In the aftermath of the 1992 riots in LA – prompted by the acquittal of the four white police officers who beat Rodney King – actor and playwright Anna Deavere Smith interviewed over 300 city residents. Their testimonies were whittled down to form ‘Twilight: Los Angeles, 1992’, one of the first examples of verbatim theatre. Smith, now best known for playing Nancy McNally in ‘The West Wing’, performed every part.
British director Ola Ince has further condensed the material for this revival, but if the genre is today familiar, the content often startles. Smith must have had an astonishing facility for putting interviewees at ease, for there’s surprising candour. And ‘Twilight’ doesn’t just feel like a period piece. From police brutality and institutional racism to the fear of ‘the other’ and the failures of urban multiculturalism, many themes that bubble up here have hardly gone off the boil.
The voices often come from marginalised communities or victims of violence or injustice, but there are also testimonies that strike from unexpected directions: the white police officer discussing the use of batons versus chokeholds, for instance, or the African-American activist condemning Korean shopkeepers for not integrating, or a juror devastated at receiving a warm invitation from the Ku Klux Klan after the King trial. It’s cacophonous, but you’re also left with a powerful sense that Smith actually listened to what people had to say, rather than trying to fit accounts into some streamlined or anticipated narrative. It makes for fascinating listening.
‘Twilight’ is staged like a town meeting – we even have a shuffling tea break halfway through – although Jacob Hughes’s design has every chair and the floors painted a bright Pepto-Bismol pink, for reasons I couldn’t quite twig. At other points, flashing neon strip lights, smoke and bursts of ‘Straight Outta Compton’ help evoke the riots themselves.

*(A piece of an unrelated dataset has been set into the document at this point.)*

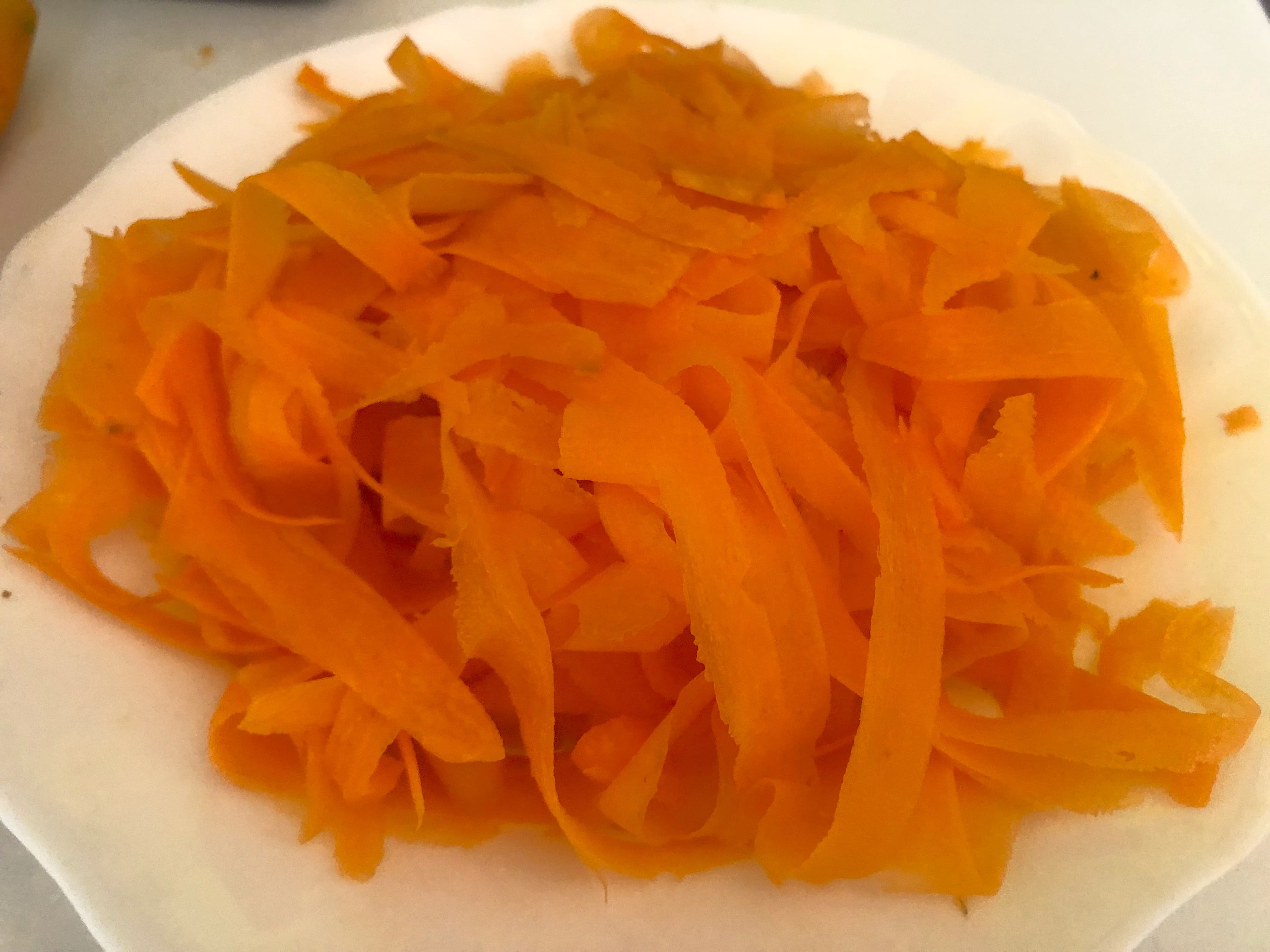 Pelas las zanahorias y ralla con un rallador o mandolina, haciendo tiras más o menos anchas según prefieras. Coloca en un bol.

Ince mimics the original staging in having one actress play every part, impersonating multiple ethnicities. It’s a very big ask, and young actress Nina Bowers is impressive as she scampers around the audience, or holds us with her stillness. A strangely beatific account of a pregnant woman caught in crossfire leaves you tingling; a lively young woman snappily recreating her experience on a bigoted yet angst-ridden jury becomes a comic treat. But there’s a huge number of characters to differentiate between, and – especially early on, and especially with men over a certain age – Bowers’s portrayals can fall into a similar booming, over-inflated style. It would require insane virtuosity to nail every character; why not share the burden?